Members of SORT during “Operation Strike Back”

(TRINIDAD GUARDIAN) — The number of people killed by police in the last year has risen by 86 per cent, a figure that is of concern to the Police Complaints Authority (PCA).

For this year, 43 people have already been killed by the police, the majority being Afro-Trinidadians.

Trends show the killings have occurred primarily in the North Eastern Division and stemmed from 32 shooting incidents between January to June.

There have been multiple killings arising out of single incidents, such as the one which occurred on Friday involving Joel Jacob, Israel Clinton and Noel Diamond, all of whom were shot dead by officers of the Inter-Agency Task Force and the Guard and Emergency Branch.

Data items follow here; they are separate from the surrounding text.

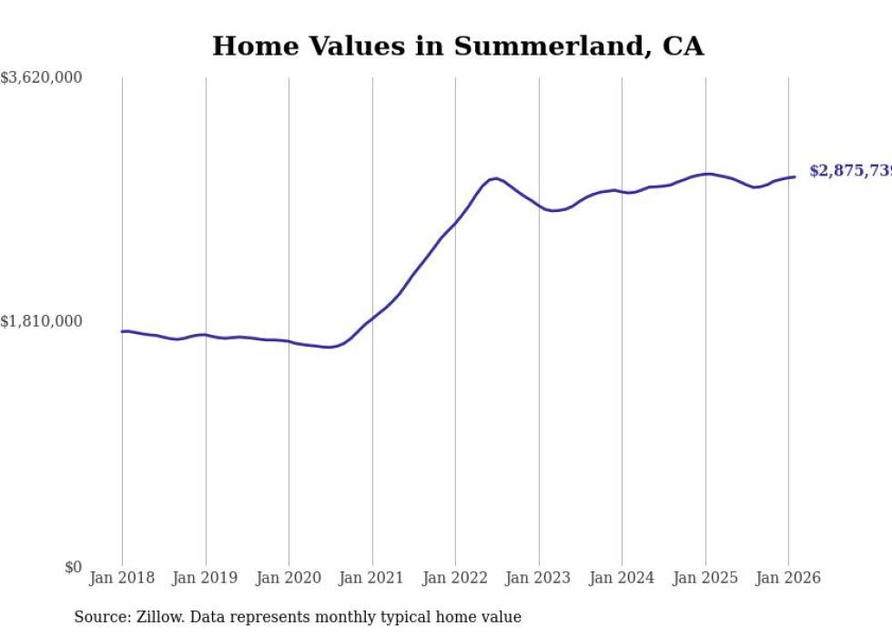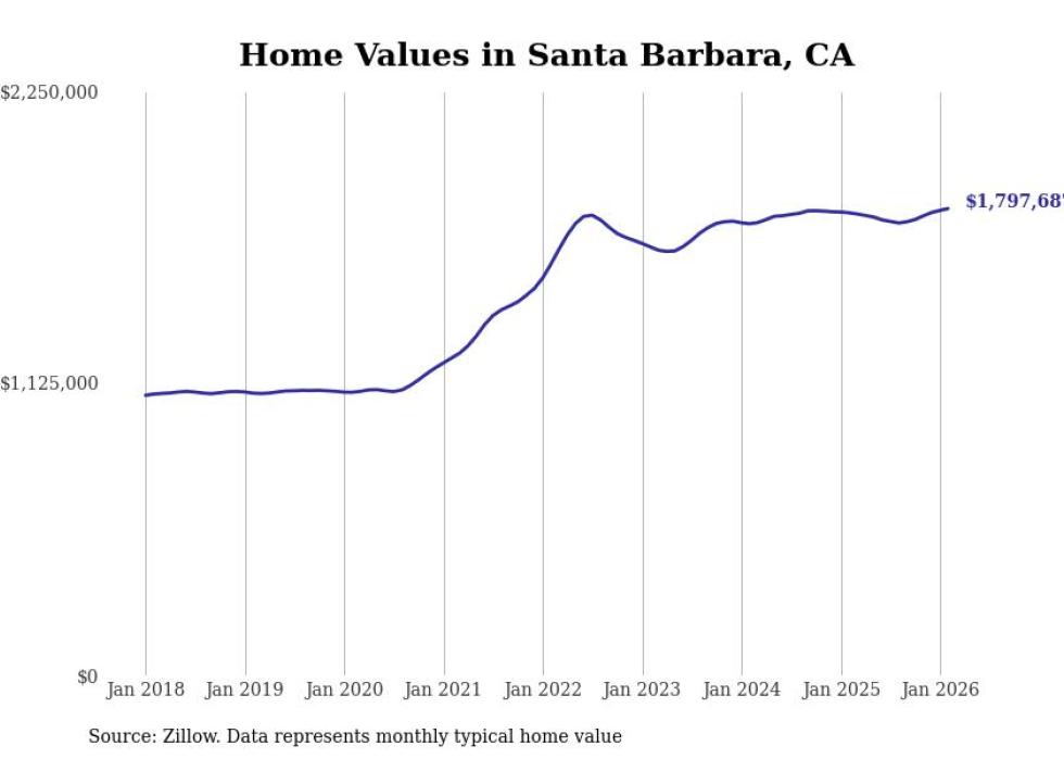 Stacker compiled a list of cities with the most expensive homes in the Santa Maria-Santa Barbara, CA metro area using data from Zillow. Charts show the monthly typical home value since January 2018.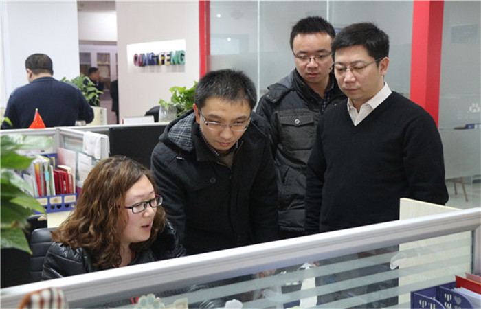省電子商務(wù)示范企業(yè)評審組領(lǐng)導(dǎo)參觀了青峰的辦公環(huán)境,并深入到員工的具體工作內(nèi)容進(jìn)行了解考察。百度客服部經(jīng)理孫曉晴女士為評審組領(lǐng)導(dǎo)詳細(xì)講解了百度推廣后臺的各項報告內(nèi)容,展示了如何通過后臺了解客戶的賬戶消費情況并及時為客戶做出優(yōu)化,領(lǐng)導(dǎo)為青峰每位員工的專業(yè)和用心表示連連贊賞。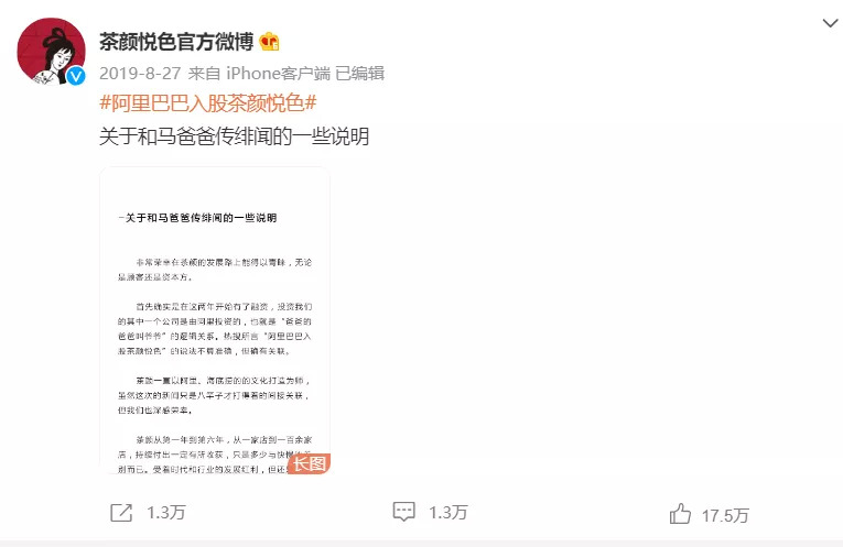 在A轮融资前,茶颜悦色还因“阿里入股”传闻登上热搜。但随后,茶颜悦色官方表示,投资茶颜悦色的其中一家公司由阿里投资,因此“阿里巴巴入股茶颜悦色”的说法不算准确,但确实有关联。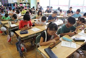 初めて触る児童もたくさんいたようでした。最初はパニックでぎこちない手つきで始まりましたが2時間たった頃には慣れた手つきで問題を解いていました。最後に指導者が読み上げる数を計算する時はとても楽しそうに計算をしていました。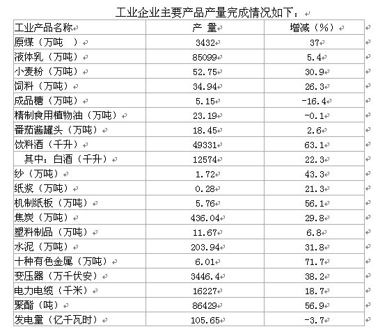 全年完成工业增加值118亿元(不含兵团、石油天然气),较上年同比增长31.8%,其中规模以上工业企业(主营业务收入500万元以上的企业)完成增加值100亿元,增长31%。在规模以上工业增加值中,轻工业26亿元,增长39%,重工业74亿元,增长28.4%。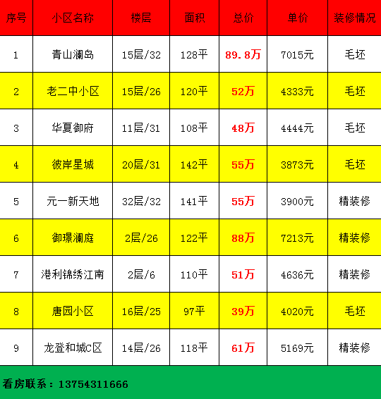 捡漏房源!元一新天地 138平方精装四室 55万 证满五年

Statistics obtained by Guardian Media show the 86 per cent increased in police-related killings for this year compared to the same period last year.

The statistics also show a 60 per cent increase in police-related killings between 2018 and 2019.

This three-year rise in police-related deaths has been of concern to the director of the PCA David West.

In an interview with Guardian Media, West said the PCA was concerned with every police-involved fatal and non-fatal shooting.

“There is a standing policy since I assumed directorship of the PCA that an investigation is initiated into every police-involved shooting fatal and non-fatal. To date, there have been 32 incidents of police-involved shootings. Out of those 32 incidents, there have been 43 victims,” he said.

Asked whether he was concerned about possible cover-ups, West assured that full, fair and thorough independent investigations are being conducted into all reported incidents of alleged police misconduct.

“The PCA is also conscious that we do not pre-empt the outcome of these investigations. Our inquiries look at all the circumstances and whether the use of force by officers was justified and proportionate in each of these instances. Upon the conclusion of an investigation, the authority makes an assessment and forms an opinion as to whether or not the subject matter of the complaint has been substantiated,” he said.

Under Section 44 (2) of the PCA Act, the Authority would then recommend whether consideration should be given to prosecute any person for a criminal offence.

“The recommendation is then forwarded to the DPP and to the Commissioner of Police for disciplinary action,” he said.

Asked whether he saw the video showing the Morvant shooting, West said, “The PCA is aware of the video that has been circulating in social media. An investigation has been initiated. The matter will be fully investigated and upon conclusion, if warranted recommendations will be made to the relevant bodies.”

Asked what could be done to ensure that law and order are followed at all times by police officers, West said, “The ‘use of force’ policy of any police service is an essential tool in helping officers respond to potentially dangerous and challenging situations. This, however, must be reasonable, appropriate and proportionate.”

He noted that law enforcement officers should, as far as practicable, apply non-violent means before resorting to using force when carrying out their duties.

“In the event that they must resort to force, only the minimum force necessary to achieve the required objective ought to be employed. This is why the PCA has been advocating for the use of tasers as a means of a non-lethal weapon. Additionally, this is why the PCA promotes the use of body-worn cameras (BWCs) and vehicle dash cameras,” he added.

He noted that the use of body cameras was an important tool “with the potential to enhance transparency and accountability and to engender greater trust in police officers.”